Terrible two’s and “threenager” are often terms applied to that toddler age usually associated with the age- old toddler tantrum. Already exhausted parents find themselves frustrated with how to deal with bad behavior from their toddlers. Time-outs are often cited as a possible solution. Now being six to seven years out from that stage with my children, I STILL remember struggling with bad toddler behavior and time-outs
The Centers for Disease Control (CDC) says that time-outs can be an effective way to allow both parent and toddler to cool down. They recommend a warning first and explain to the children why their behavior is not acceptable. Finally, choose a place for the time-out that will remove the child from any sort of entertainment.

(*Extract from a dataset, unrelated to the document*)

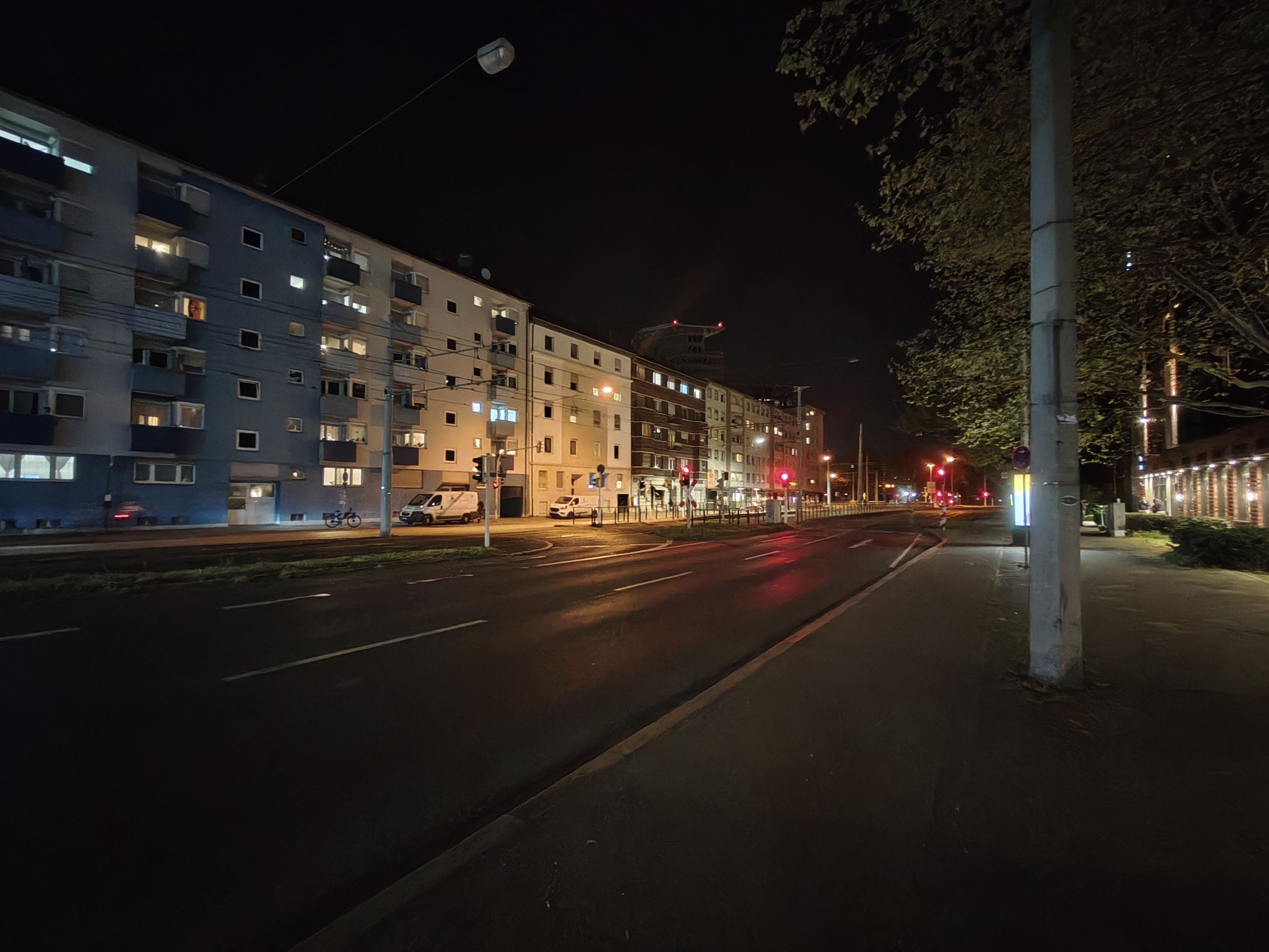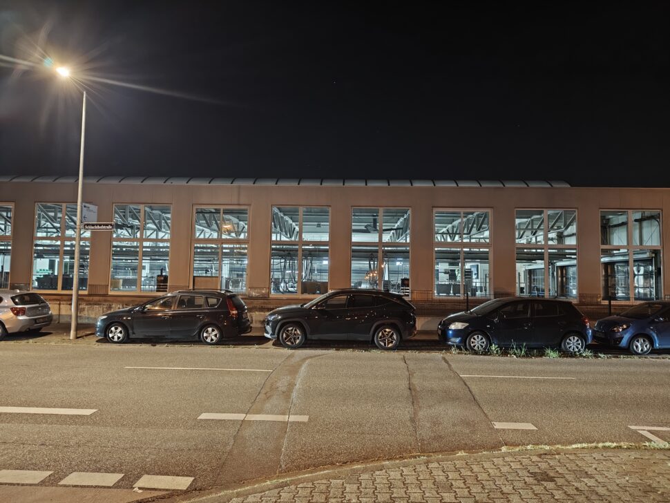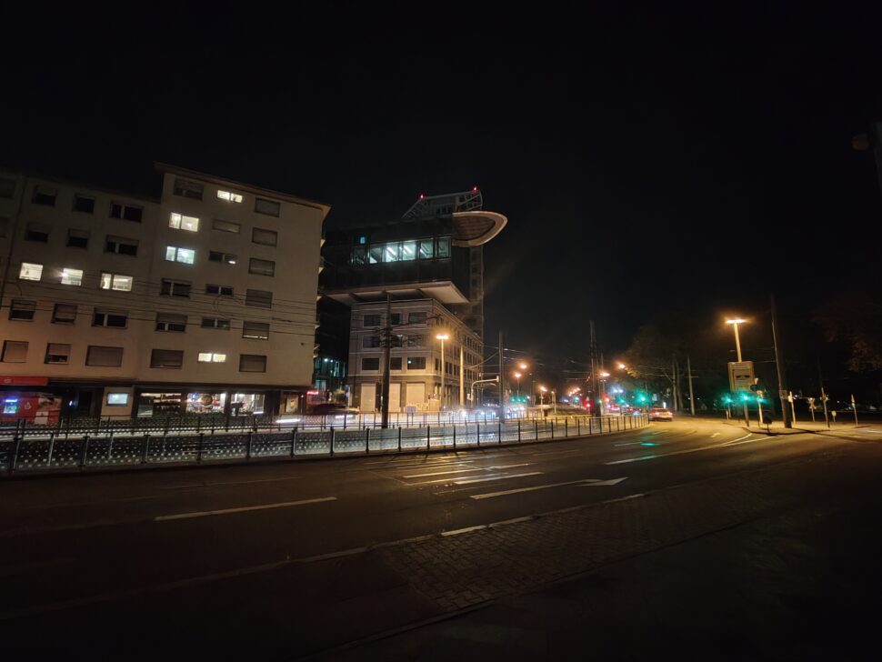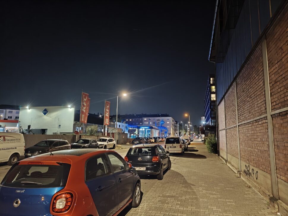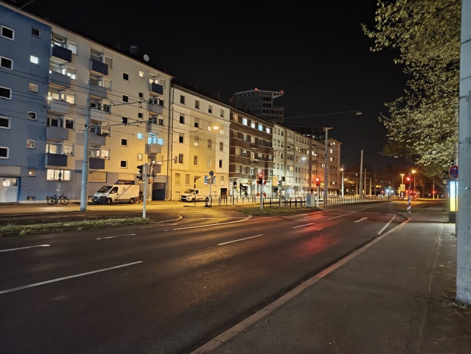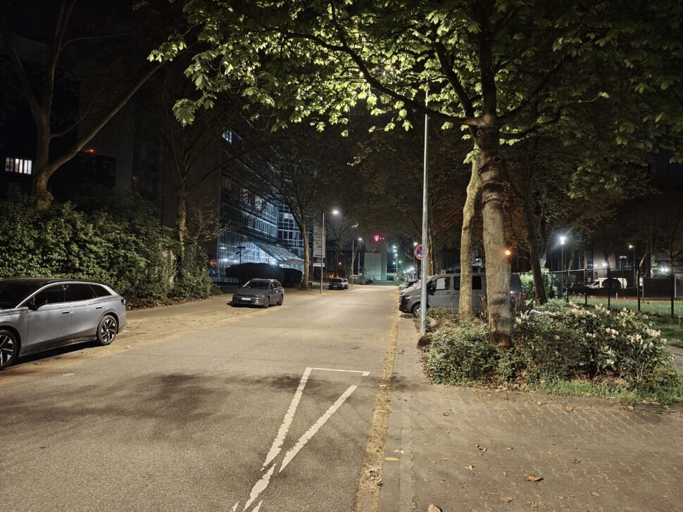 In der Nacht aktiviert das Realme 16 Pro+ automatisch den Nachtmodus und passt die Belichtungszeiten an. Dank verbautem OIS gelingen trotz langer Belichtungszeit scharfe Aufnahmen und die Software erstellt aus den Bildinformationen hervorragende Ergebnisse. Der Dynamikumfang sowie die Schärfe sind überzeugend. Die verschiedenen Lichtquellen bereiten dem Smartphone keine Probleme. Bildrauschen wird gut eliminiert.
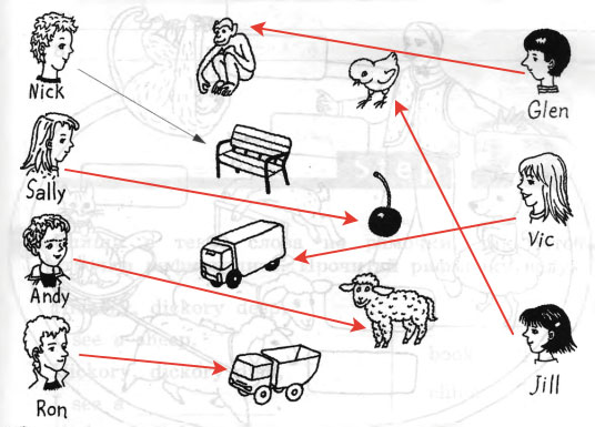 (22), и соедини имена детей с изображениями того, что они видят.

According to the CDC, “use time-out if your child does something dangerous or harmful, fails to follow a direction or breaks a family rule.” Once the time-out is chosen, it is important to explain what behavior triggered the time-out, what is going to happen and where, and how it will happen each time they break these rules. They suggest limiting the time-out to 2-5 minutes. A good rule of thumb is to limit the duration of the time-out to the child’s age.
One common problem for many parents (including me) is getting a child to STAY in time-out. If your child is frequently getting out of a time-out chair or corner, select a time-out room and remove any toys or activities that could interest them.
Local registered play therapist and licensed mental health counselor Kristina Chance suggests a relatively new trend where time-out is “handled more as a break from the toy/activity/other people in order to calm the body down and resolve the issue.”
“Time-outs should be with a calm parent present actively working to help the toddler through whatever got them in time out to begin with. This involves labeling their feelings, telling them the limit they broke and then offering alternative ways to handle those emotions,” said Chance, Ed.S., LMHC, Owner and Founder of Play and Wellness Center of Gainesville, LLC. “Connecting with children by being present while correcting them allows for more long-lasting changes because it creates multiple neural-pathways for the new behavior to form in the brain.”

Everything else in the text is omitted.